Because the memory block is frozen for the session, the model can use prefix caching — pay attention once for the static prefix, then mostly roll forward on new dialogue turns. That stays fast without re-encoding the same memory tokens every time.

For broader context on self-hosted stacks (routing, orchestration, where memory sits), see the local AI systems guide.

How the Agent Decides What to Remember

The agent uses one tool with three actions: add, replace, remove. There is no separate read action — injected content is already in the prompt.

Rough priority:

  • User corrections and explicit instructions — save immediately.
  • Inferred preferences — tend toward USER.md.
  • Environment facts and project conventions — tend toward MEMORY.md.
  • Skip trivial detail, raw dumps, session-only fluff, and duplicates of what’s already in workspace prompt files.

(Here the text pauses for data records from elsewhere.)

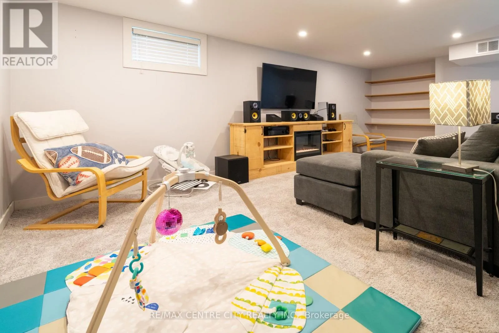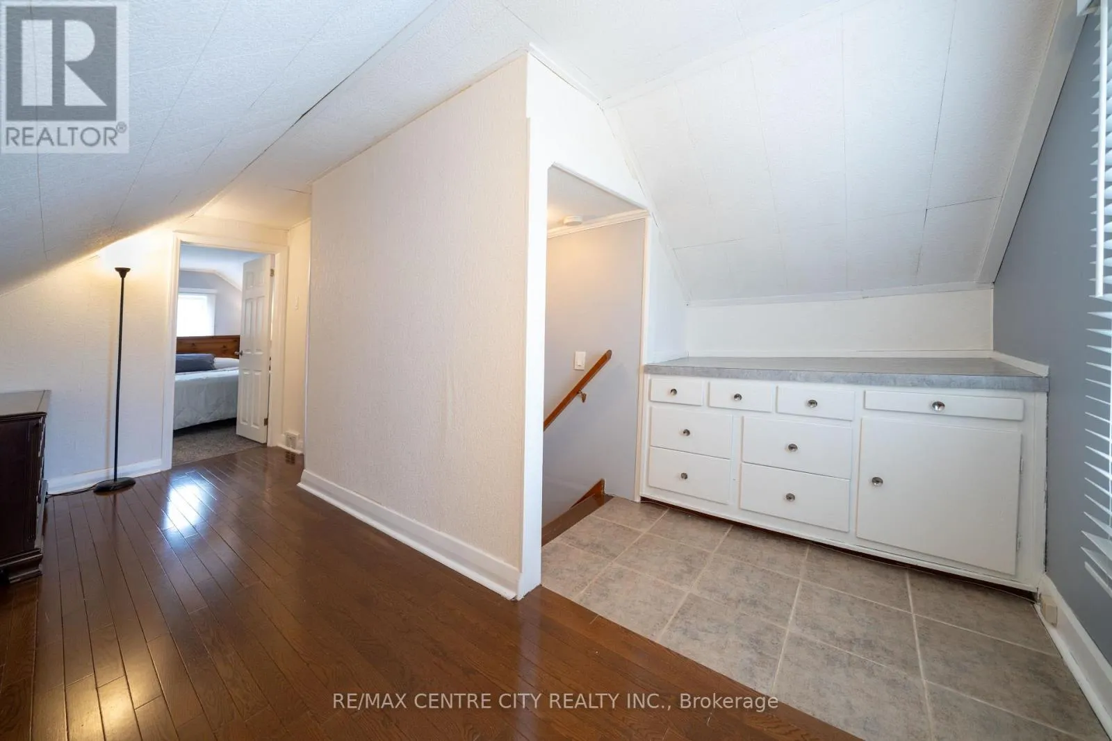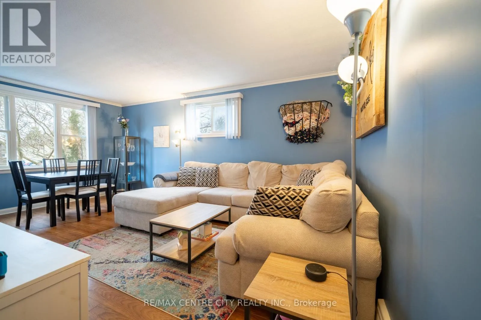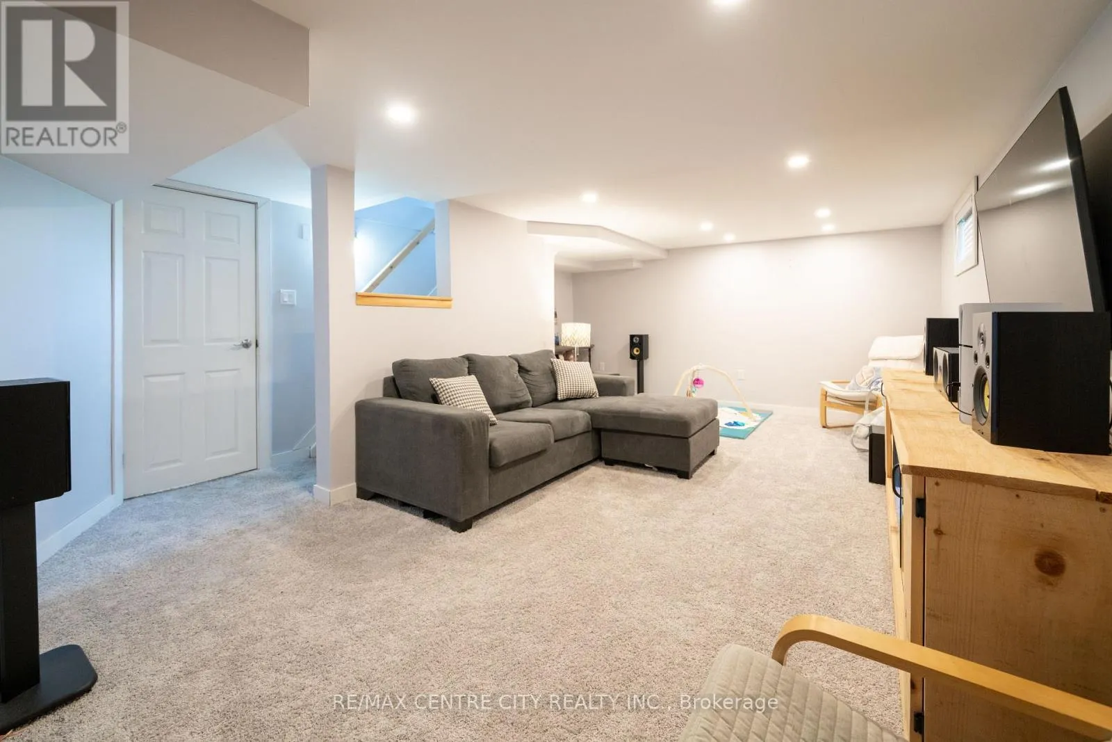 Cross Streets: OXFORD AND STRAND. ** Directions: FROM OXFORD ST. E TURN SOUTH ONTO STRAND, HOUSE IS ON RIGHT BEFORE PICCADILLY ST. Well-kept home on an oversized lot . Charming 1.5-storey brick home located in a quiet, family-friendly neighbourhood close to schools, parks, amenities, bus routes, and Fanshawe College. This move-in-ready property sits on a large 60 ft x 120 ft lot and features an updated kitchen with solid wood cabinets, a bright living room, two main-floor bedrooms, and a 4-piece bathroom with a jetted tub. The primary bedroom includes patio doors leading to a spacious 2-tier deck. The second floor offers an additional bedroom and a bonus area that can function as a primary suite or flexible living space. The recently finished lower level includes a separate entrance from the side of the house, family room, 2-piece bathroom, and laundry room. Outside, you'll find a large concrete driveway with ample parking for 6 vehicle , a fully fenced yard with wide gate access, and two garden sheds. Shingles were replaced in 2019. A solid home in a central location with plenty of potential. (id:27476)
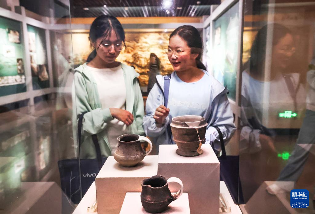 10月4日,游客在江苏连云港市博物馆参观。
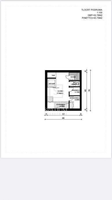 U suterenu su predviđeni sauna, jacuzzi, fitness, kupaona, toalet i kotlovnica.
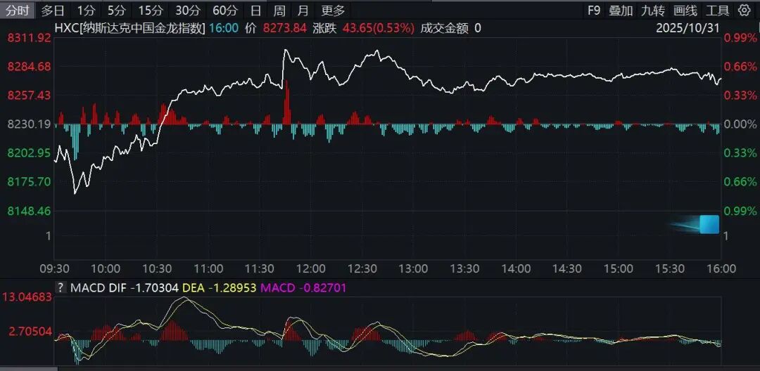 纳斯达克中国金龙指数收涨0.53%,10月累跌4.19%,终结此前月线5连涨。个股方面,蔚来涨超3%,小鹏汽车涨超2%,爱奇艺涨近2%;阿里巴巴跌超2%,京东跌近1%。
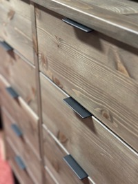 Alma-serien er produsert i heltre furu med overflate som fremhever treets naturlige struktur.
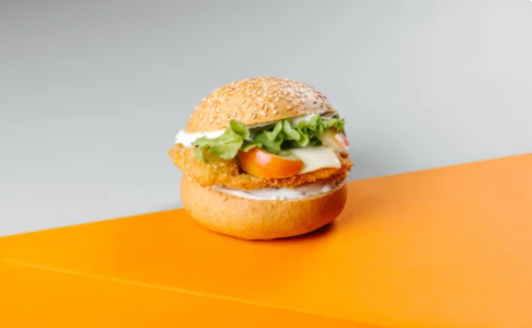 Обжаренное куриное филе, панированное в сухарях, которое подается на булочке с кунжутом, заправленной хрустящим салатом, ломтиками сочного томата, ломтиком сыра и фирменным соусом.

After heavy multi-step work it may save durable lessons or quirks worth repeating later.

The Distillation Pattern

An agent reads a long paper on memory scaling. It does not paste the paper into memory. It keeps one line:

Memory scaling: agent performance improves with accumulated experience through user interaction and business context stored in memory.

External docs and repos are the library; internal memory is the working distillate you carry every session.

When to Use Bounded Memory

  • Preferences, identity, environment facts, conventions, durable lessons.
  • Anything that should change how the agent behaves before it reads the next user message.

When to Avoid Bounded Memory

  • Whole-document retrieval — use RAG or a knowledge base.
  • “What did we say last month?” — use session search or history tools.
  • Large structured datasets — use a database.

The Philosophy: Why Forgetting Is a Feature

The instinct is to store everything. Hermes argues the opposite for agent identity memory — limited space forces signal.

Curation beats bulk. A thousand-token frozen core is faster and clearer than repeated retrieval over megabytes of chatter.

Noise compounds — more remembered text is not smarter text.

Forgetting is maintenance — remove, replace, compress when facts drift.

Databricks-style “memory scaling” research lines up — quality of what you retain beats raw volume.

What This Means

Memory is becoming the differentiator for agents, not just model weights. Two setups with the same base model diverge fast when one carries curated continuity and the other starts cold.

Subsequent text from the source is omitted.